Matching was completed before outcomes were examined.34 We aimed to attain standardized differences in covariate means below 0.1 standard deviations after matching, though below 0.2 is a traditional standard.35, 36 We also assessed balance using two-sample randomization tests, specifically the Wilcoxon rank-sum test for each continuous covariate and Fisher’s exact test for each binary one, thereby comparing the balance achieved by matching to the balance expected from complete randomization.37

A three-year lookback prior to the beginning of the quarter was used to define comorbidities (Supplemental Digital Content 1, eTable 2.3). Demographic information was determined from the last quarter of the lookback (closest to the start of the matching quarter). We matched exactly on year of birth, race, sex, history of inflammatory bowel or diverticular disease, and other variables. The matching distance included history of liver disorders; colon cancer; gastrointestinal cancer; stroke or cerebrovascular diseases; the number of inpatient admissions during the three-year lookback period; and other variables. To facilitate matching an extremely large pool of controls who did not undergo appendectomy to treated appendectomy patients, we split potential controls into smaller subgroups based on the work of Zhang et al.38 (see Supplemental Digital Content 1, Section 3). We also defined two geographic regions based on the Medicaid uptake of each state between 2005 and 201039 (see Supplemental Digital Content 1, eTable 3.3).

Statistical Methods

The primary outcome was ADRD or death, as identified by claims. We also examined separately the specific hazards of mortality and ADRD using Cox’s proportional hazards model and cumulative hazard plots. We modeled the hazard ratio associated with treatment status after each match using the matched version of the proportional hazards model.40 These models were also used to examine treated vs. control hazard ratios for patients in specific subsets, such as by sex, by race, and by history of colon disease. When examining outcomes at 5, 7.5, and 10 years, results reflect the weighted estimates of rates, with each matched set receiving weights equal to the number of eligible appendectomy patients in that set.41 P-values reflect results from performing the Mantel-Haenszel test stratified by matched set.42 Rates at 5, 7.5, and 10 years represent the number of events out of the total number of people who had the potential for complete records during the respective entire time period. These were individuals in which after 5, 7.5, or 10 years would still have the potential for records to be available (records analyzed are through 2017). Individuals that did not have complete Part A and B or joined an HMO during the 5, 7.5, or 10 years were not part of the yearly analysis.

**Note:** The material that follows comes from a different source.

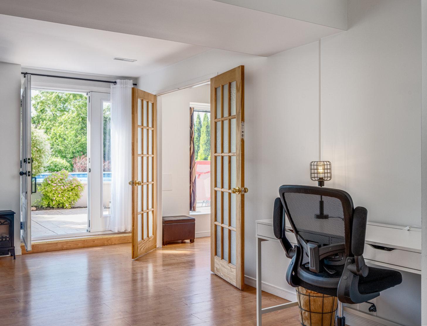 The main floor office is ideal for the work-from-home professional, featuring rich hardwood floors and large windows that invite an abundance of southern sunlight throughout the day. This versatile space can also be easily transformed into a formal dining room, depending on your needs.

Role of the Funding Source

The National Institute on Aging had no role in the study design; collection, analysis, or interpretation of the data; the writing of the report; or the decision to submit for publication.

RESULTS

When describing the results of the study, we will first report the entire exposed or treated group, and compare these patients to their matched controls.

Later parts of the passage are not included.